A freakish opening goal set the tone for a superb performance by the former Adelaide United talent, who is relishing life back in Australia after a turbulent spell in his young career.
Brook moved abroad to Brentford in England from Adelaide before a loan move back to the Reds two seasons ago. Ahead of the 2023-24 campaign, Brook decided to seek a permanent move home – and it was his conversations with Wanderers boss Marko Rudan that gave him the confidence he was making the right move in Western Sydney.
“I’m ecstatic… I’m honestly over the moon,” Brook told Paramount+.
“I wanted to come home, I wanted to start enjoying football. A lot of things off the pitch sometimes can affect your football but when you’re happy all the way through, it translates onto the pitch.
“I came back on loan to Adelaide (in 2021). I wasn’t playing badly, I was playing games but the goals and assists were missing.
“When the boss (Rudan) said he was interested, he said he really wanted to work on that side of the game. That was the biggest thing for me. When he said that… it was the biggest part of taking my game to the next level.”
“We’ve worked really hard on goal setting and team togetherness,” Brook added. “We were really disappointed with last week (0-0 draw v Wellington), we thought we definitely should have won the game, so tonight was definitely about putting our mark on the league and showing we mean business and we want to win everything.”
What they said
Nicolas Milanovic joined Brook in adding two goals to the scoreboard before the break – and to the 21-year-old former Western United youngster, nothing could have felt sweeter than doing so against his former side.
Milanovic began his professional career in green and black, originally on a scholarship contract signed in July 2020. Two-and-a-half years later, Milanovic made the switch to the Wanderers – his hometown club he had first represented in 2015 as an academy player.
After the Wanderers’ 5-0 win over United, Milanovic told Paramount+ it was the type of performance he’d envisaged putting in against his old club, to show them what they were missing.

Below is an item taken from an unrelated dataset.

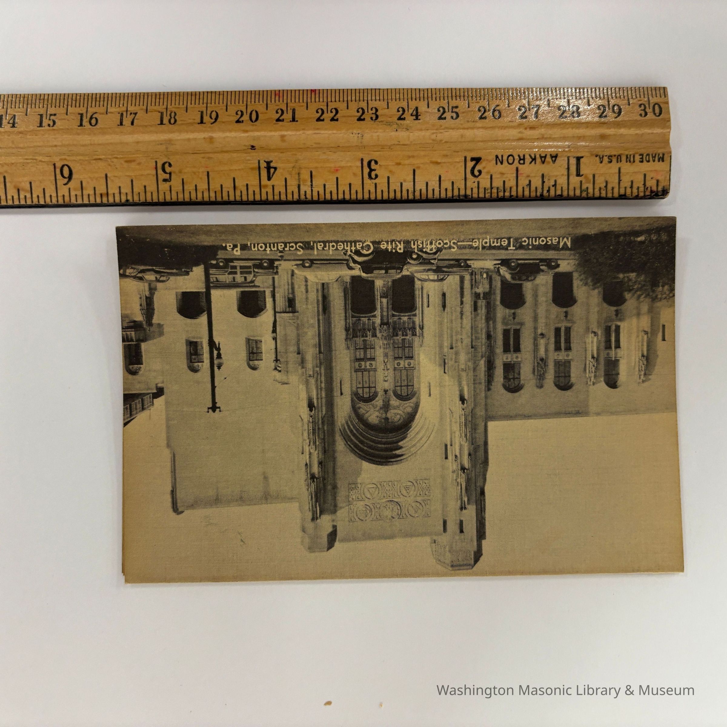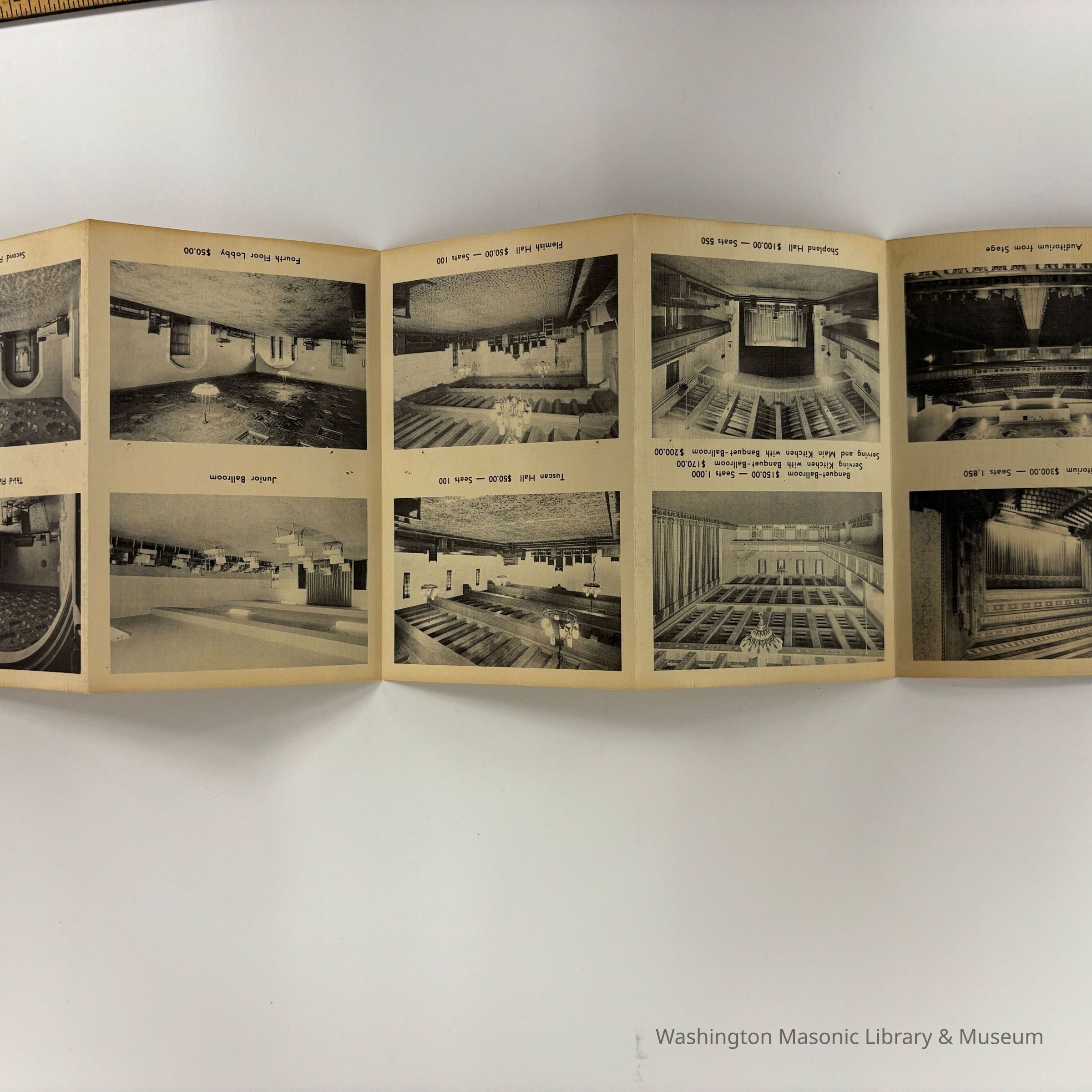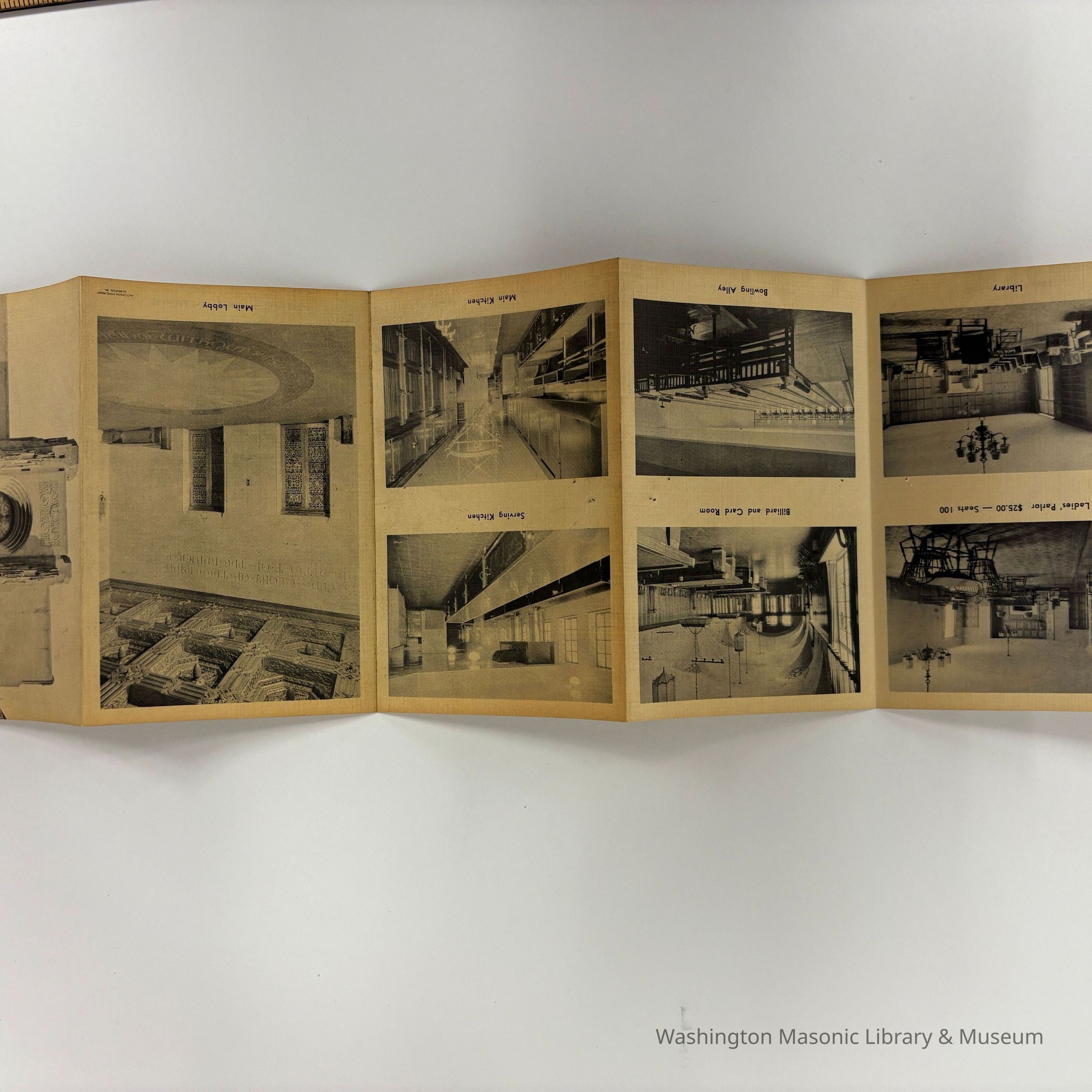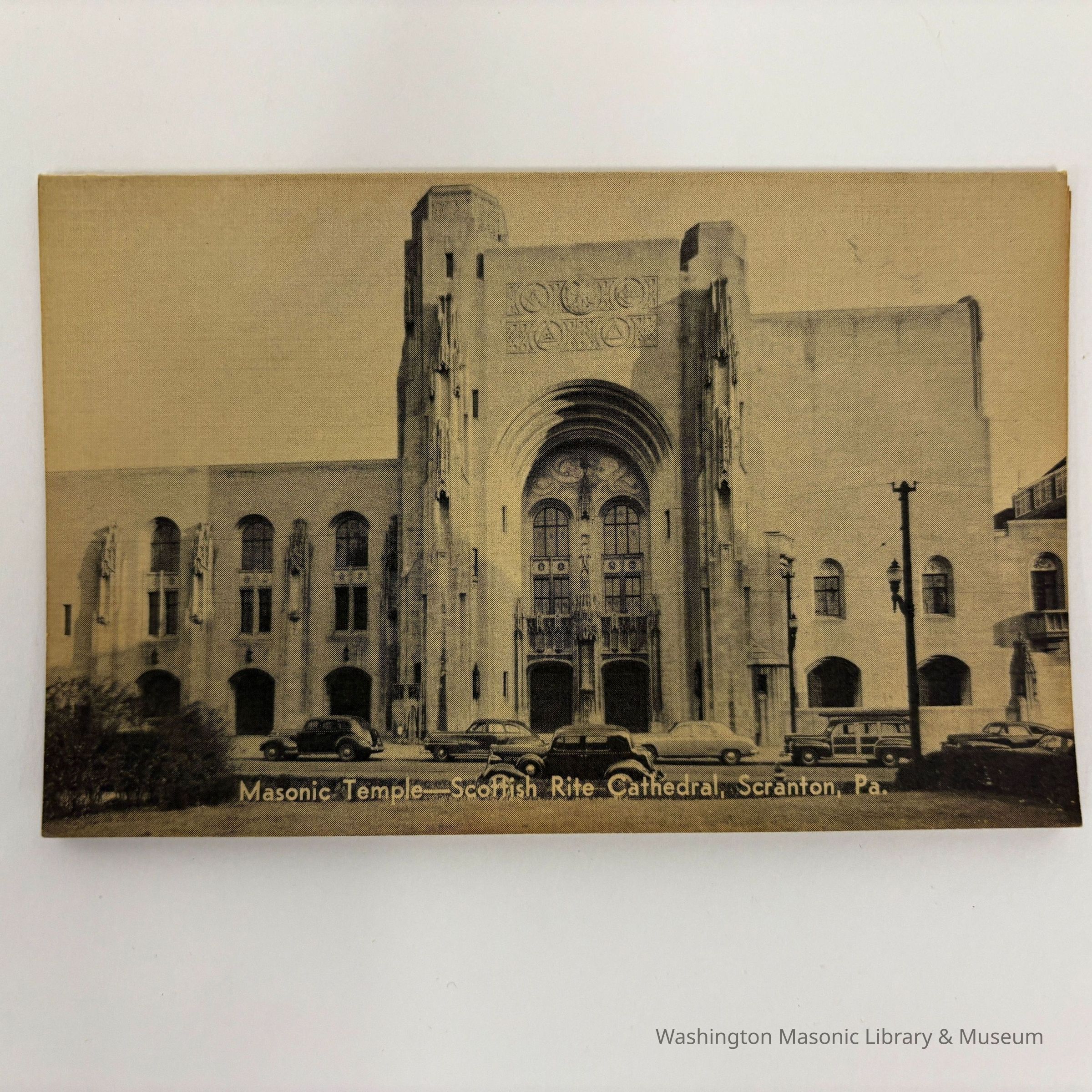 Pamphlet: Folds in 5 sections. Masonic Temple--Scottish Rite Cathedral, Scranton, Pa. (c. 1930s). Includes photos of various rooms in the building.Collection

“It’s what I was manifesting all day, to be honest,” he said.
“I grew up with these boys, I was bred into the A-League with these boys. I just wanted to prove a point that I’m good enough for this league.
“The improvement was the fight. The fight and unity we showed together. This week in training especially, it wasn’t so much technical and tactical, it was more to show a hunger to score goals – and I think we showed that tonight.”